(Beginning of DATA FOR PROCESSING)
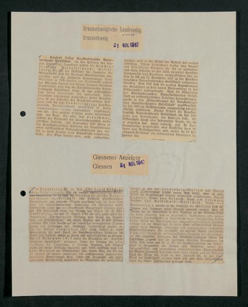V176 Senckenberg Gesellschaft für Naturforschung, 374 - Pressespiegel zur Jahrhundertfeier
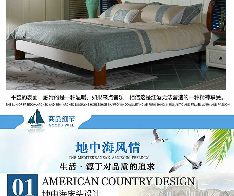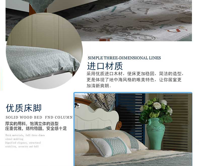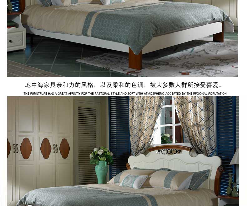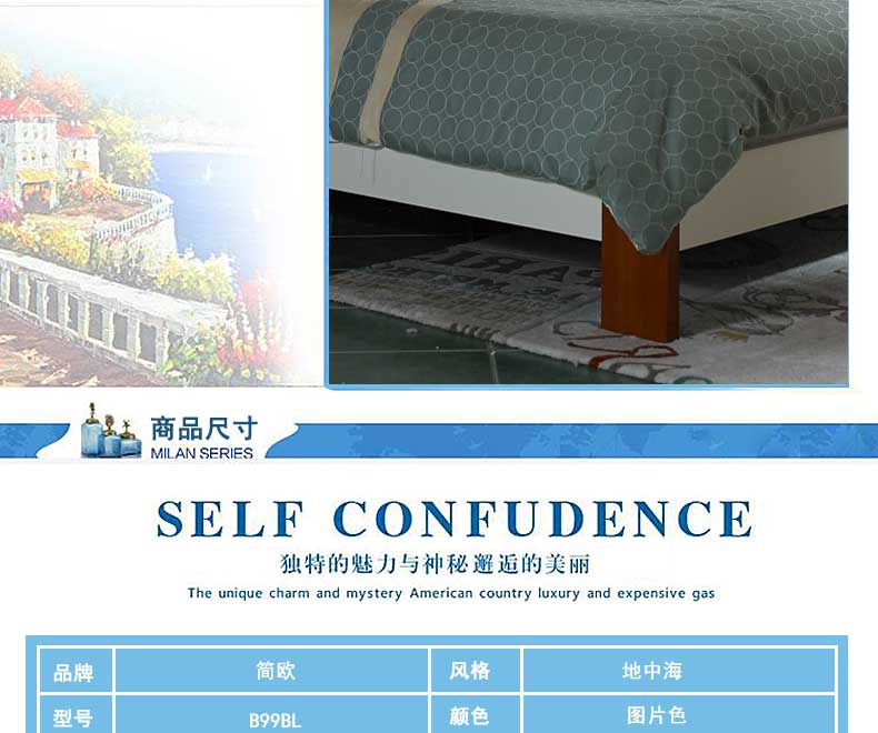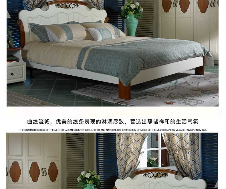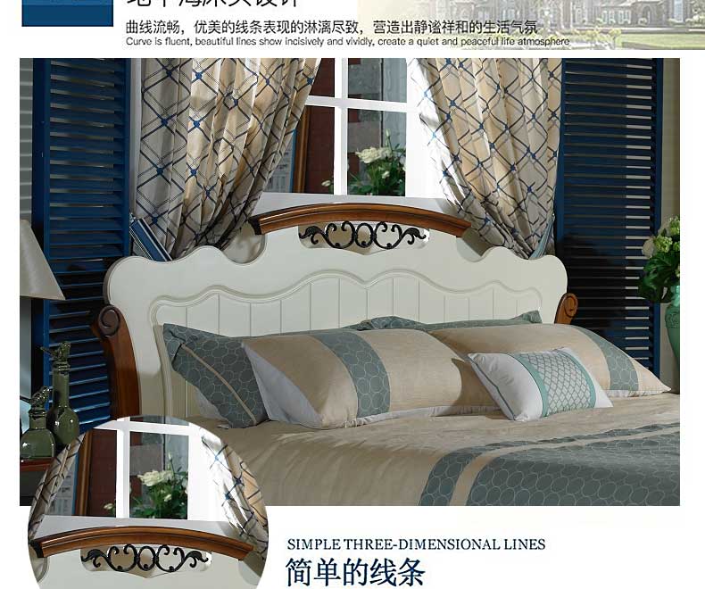 简欧 新款双人床卧室木质床地中海大床 B99BL
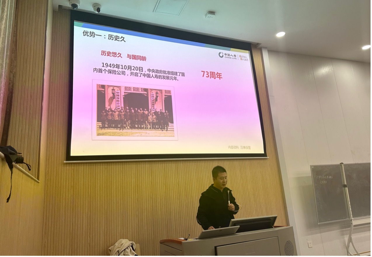 接着是中国人寿保险有限公司西安分公司,公司代表曹总详细介绍了保险行业的发展前景,以及企业的行业地位,呼吁感兴趣的学生加入!
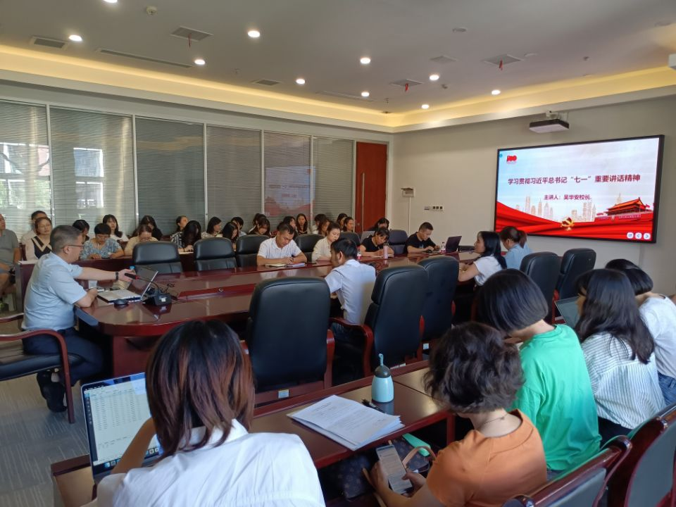 吴校长指出,习近平总书记“七一”重要讲话,立足中国共产党百年华诞的重大时刻和“两个一百年”历史交汇的关键节点,全面回顾了我们党团结带领全国各族人民开辟的伟大道路、创造的伟大事业、取得的伟大成就,深刻总结了伟大建党精神,系统阐述了以史为鉴、开创未来的“九个必须”根本要求,高屋建瓴、视野宏大、思想深刻、内涵丰富,是一篇马克思主义纲领性文献,是新时代中国共产党人不忘初心、牢记使命的政治宣言,是我们党团结带领人民以史为鉴、开创未来的行动指南。全校师生要把学习讲话精神与学习党的理论特别是习近平总书记系列重要讲话精神结合起来,联系实际、学深悟透,切实把思想和行动统一到党中央的决策部署上来。
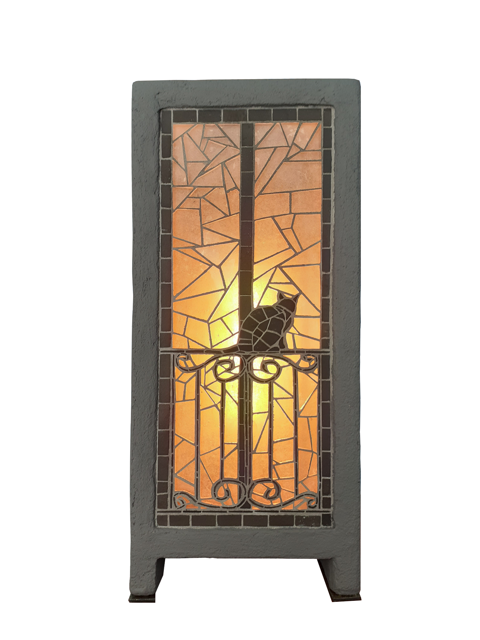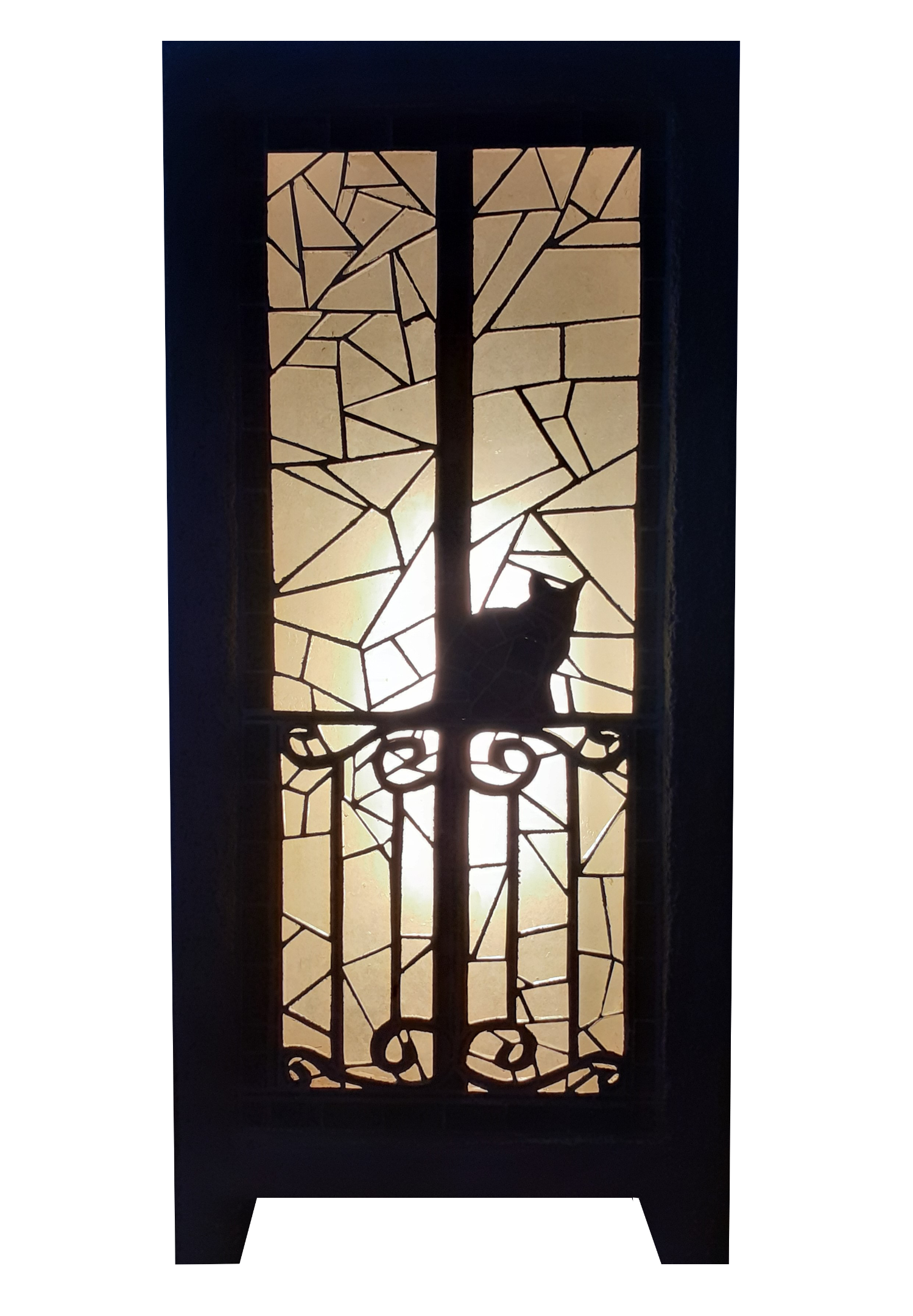 La « fenêtre » de la lampe appart chat dispose d’une balustrade sur laquelle le chat est grimpé et regarde à l’intérieur.
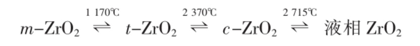 ZrO2具有多晶型的相結構,低溫為單斜晶系(m-ZrO2),高溫為四方晶系(t-ZrO2),更高溫度下為立方晶系(c-ZrO2),3種晶型相互間的轉化關系如下:
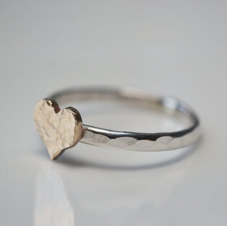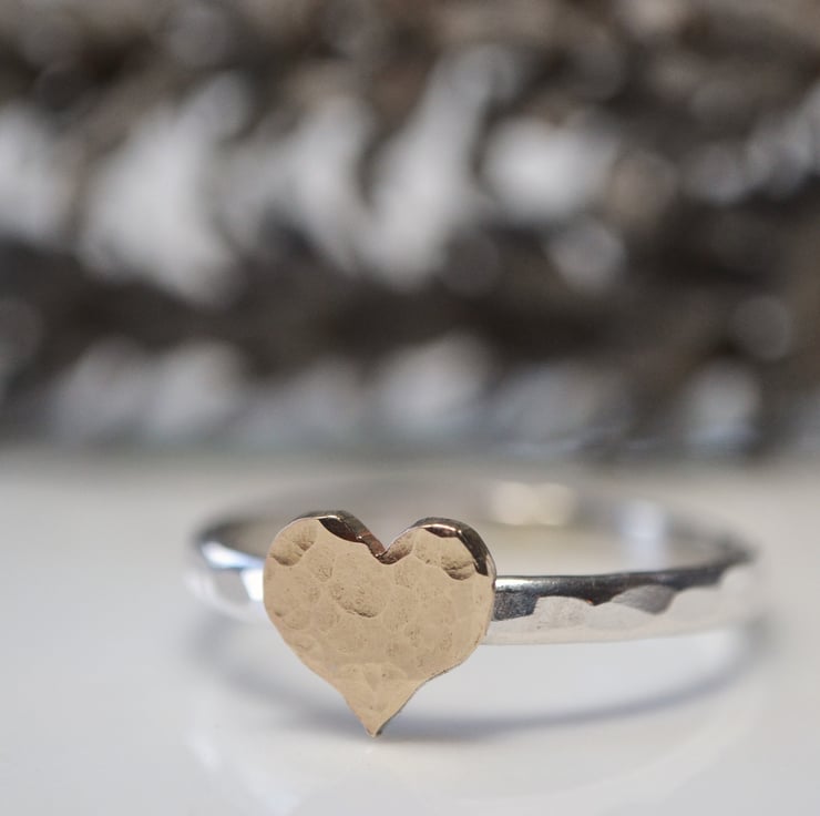 A sterling silver band (2.3mm) holds a handcut 9ct gold heart.
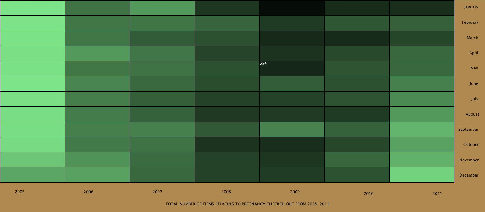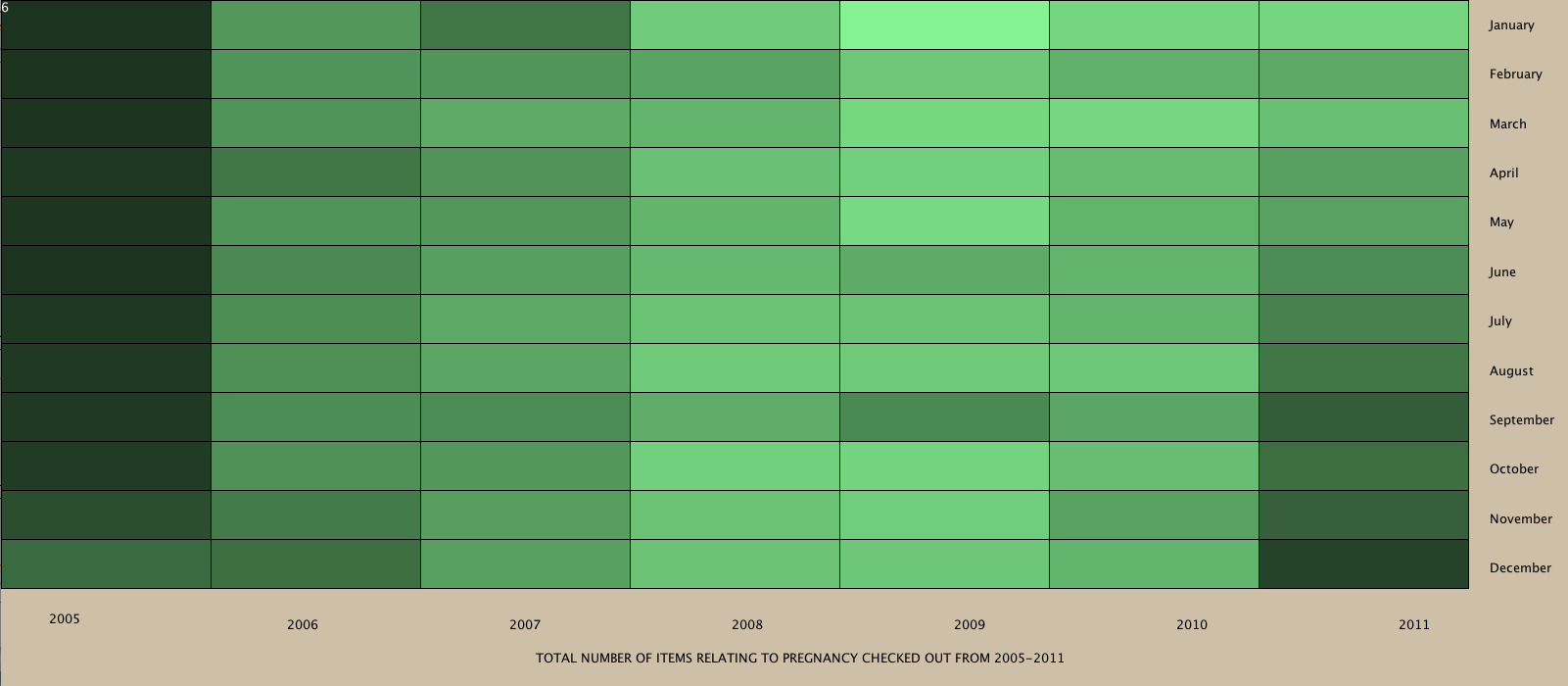 As you scroll over a cell, the number of items checked out that month will popup in white, and the higher the number the darker the cell. In my observations, I definitely see some kind of relationship here. It seems that in January, the 1st of the year, these items are checked out the most frequent. I also see that years 2008-2010 stand out the most on the darkness scale. Does that mean there were more pregnancies in just 3 years versus the others? This is the kind of information I would like to examine and see if it has any truth to it.
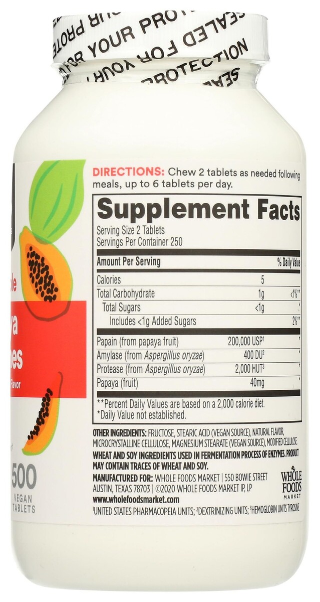 - 4/2027 365 by Whole Foods Market, Papaya Enzymes, 500 Chews
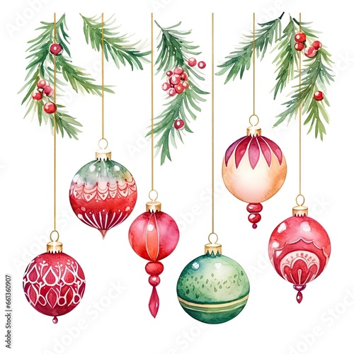 christmas, ball, shape, illustration, winter, celebration, decoration, season, design, green, holiday, red, background, ornament, tree branch, card, hanging, decor, leaf, nature, tree, greeting, holly, art, merry, new, december, symbol, plant, border, festive, round, year, gift, isolated, decorative, floral, watercolor, element, white, colours, pine, traditional, greeting card, generative, ai
(End of DATA FOR PROCESSING)
- _WORK INSTRUCTIONS_:
Take the lines from the one holding "A sterling silver" through the final line of the records above and output them exactly, both ends included, excluding pictures.

- _RESPONSE AREA_:
 A sterling silver band (2.3mm) holds a handcut 9ct gold heart.
 As you scroll over a cell, the number of items checked out that month will popup in white, and the higher the number the darker the cell. In my observations, I definitely see some kind of relationship here. It seems that in January, the 1st of the year, these items are checked out the most frequent. I also see that years 2008-2010 stand out the most on the darkness scale. Does that mean there were more pregnancies in just 3 years versus the others? This is the kind of information I would like to examine and see if it has any truth to it.
 - 4/2027 365 by Whole Foods Market, Papaya Enzymes, 500 Chews
 christmas, ball, shape, illustration, winter, celebration, decoration, season, design, green, holiday, red, background, ornament, tree branch, card, hanging, decor, leaf, nature, tree, greeting, holly, art, merry, new, december, symbol, plant, border, festive, round, year, gift, isolated, decorative, floral, watercolor, element, white, colours, pine, traditional, greeting card, generative, ai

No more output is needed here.